There is a lot of talk about whether people want to have a nuclear power station in their “backyard”. But talk is cheap.
A few months ago, a four-bedroom house in Sydney, which is less than 2 kilometres from a nuclear reactor, sold for $1.76 million.
The new homeowners seem happy to live next door to the Lucas Heights nuclear reactor, which has operated safely for more than 60 years.
And others in the suburb do not seem to have an issue, with 200 houses sold, at an average price of $1.35 million, over the past year.
Likewise, as someone who lives in Central Queensland I welcome the announcement that a Liberal-National Government would build two nuclear power stations in my backyard.
We need power stations to maintain our thriving economy. Without reliable and cheap power, we will lose thousands of jobs. If that happens not many homes in my area would sell for $1 million.
There is a legitimate debate about how much nuclear energy would cost although the International Energy Agency concludes that nuclear is “the least cost option for low-carbon generation”. What there should be no debate about is that our current energy policy is not working.
Despite common misconceptions, Australia has embarked on the largest and most ambitious rollout of solar and wind energy in the world.

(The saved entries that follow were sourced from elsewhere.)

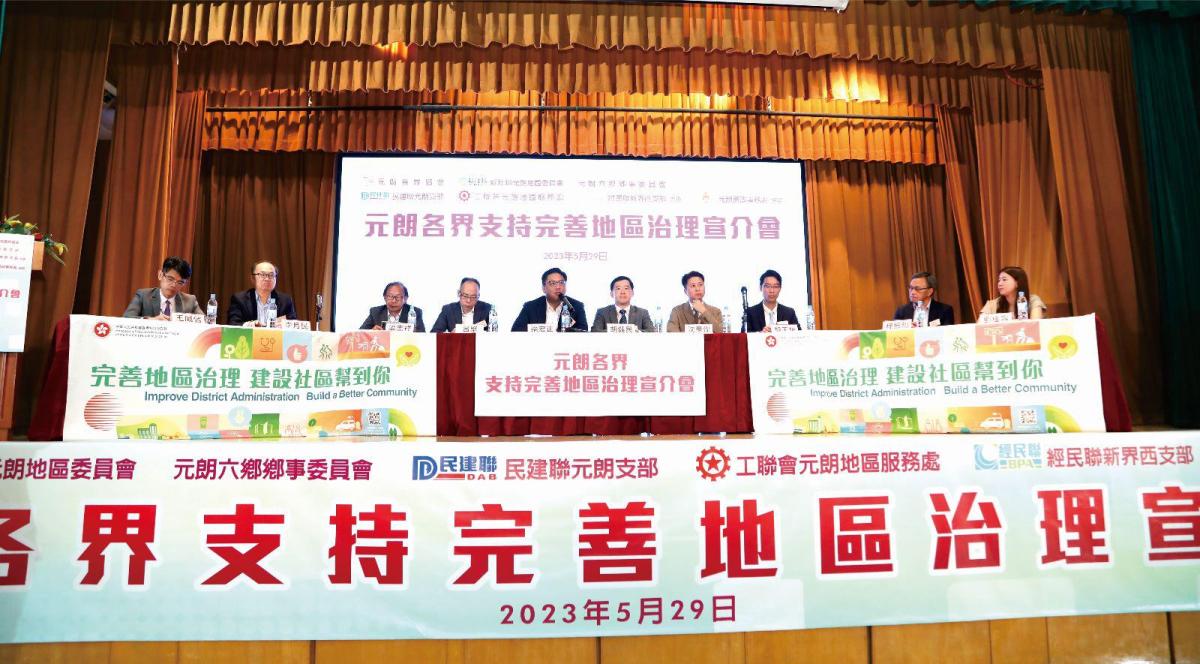 李月民表示,元朗各界社團及市民明確支持完善地區治理建議方案,冀望立法會加快審議通過,為香港社區良政善治開新篇。胡天祐表示,元朗民政事務處多次聯同分區會、滅罪會及防火會「三會」成員走上街頭,向市民解說新方案,並尋求市民支持,反應積極,充分反映市民殷切期待方案得以盡快實施。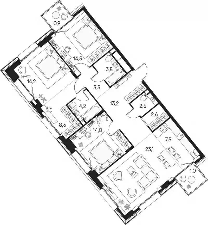 4-к.квартира, 111.6 м², 4 эт. в ЖК Primavera Корпус Вивальди-5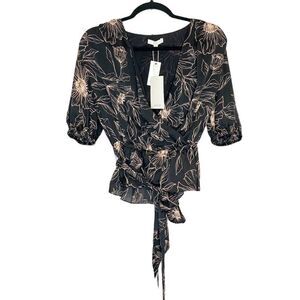 NWT- Joie 'Macie' Tonal-Floral Print Wrap-Style Top, Fuchsia - Size Small.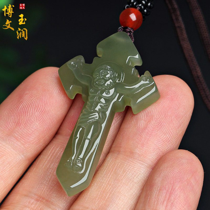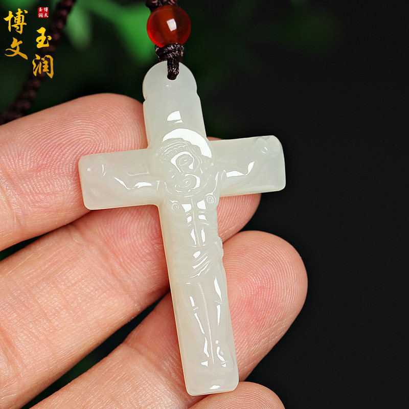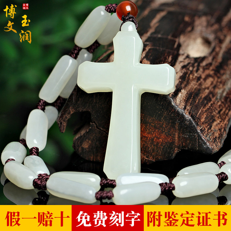 1 White jade flat section with ordinary line lanyard identification certificate 2 White jade flat section with Hetian jade rough necklace identification certificate 3 White jade Jesus Cross identification certificate 4 Jade

According to the Australian Energy Market Operator, Australia has installed, in per person terms, four times more solar and wind power than Europe or North America over the past four years.
The result has been the destruction of our once reliable grid and skyrocketing electricity prices for Australian businesses and households.
Our energy regulator must now regularly intervene in the energy “market” just to keep the lights on.
Since the Renewable Energy Act was introduced in 2000, electricity prices have more than tripled and Australia has lost 140,000 manufacturing jobs.
Australia’s experience has been repeated in every country that has gone down this path. The experiment with solar and wind energy is now more than 20 years old, yet there is still not one country in the world that has reduced its electricity prices by installing lots of solar and wind energy.
We urgently need a different approach, especially given that things could get a lot worse before they get better.
Over the next 10 years we plan to retire four times the amount of coal-fired power than has been retired over the past 10 years.
As the recent decision of the NSW Government to delay the closure of the Eraring coal-fired power station showed, we are not ready for this transition.
We cannot afford to continue to put all of our eggs in the renewable energy basket. I have never been against some solar and wind power. What any modern industrial economy needs is a mix of different types of electricity.
Take data centres for example. They are essential for the development of AI technologies, but they require power that is always on at a level of reliability greater than most heavy industrial plants.
One data centre builder told me that his contracts include a condition whereby he is penalised 20 per cent of his annual contract value if power is out for just five minutes at the data centre.
The intermittent energy supply provided by solar and wind energy is not suitable for the strict reliability requirements of AI. So Microsoft and Amazon are turning to nuclear energy to meet their needs.
If we do not look to install nuclear energy soon, we will not just lose industrial jobs, we may miss out on information jobs too.
We also need gas to provide efficient backup power and as a feedstock to industrial processes such as fertiliser production. Half of the world’s population is fed from fertilisers made by fossil fuels.
We need coal too, to maintain jobs in aluminium smelting and other energy-intensive industries. No large-scale aluminium smelter is powered by solar, wind or nuclear power.
My message that we need a balanced mix of energy types is often lost in a debate where everyone is searching for an impossible silver bullet.
Obsession leads to excess. If we move to Labor’s 82 per cent renewable energy target millions of hectares of Australia’s bushland will be desecrated. Wind requires 360 times more land than nuclear and solar takes up 75 times more land.
Solar and wind require ripping up many more backyards than nuclear.
Perhaps that is the reason why Sydney has had a nuclear reactor for 60 years but is yet to install its first industrial size solar or wind facility.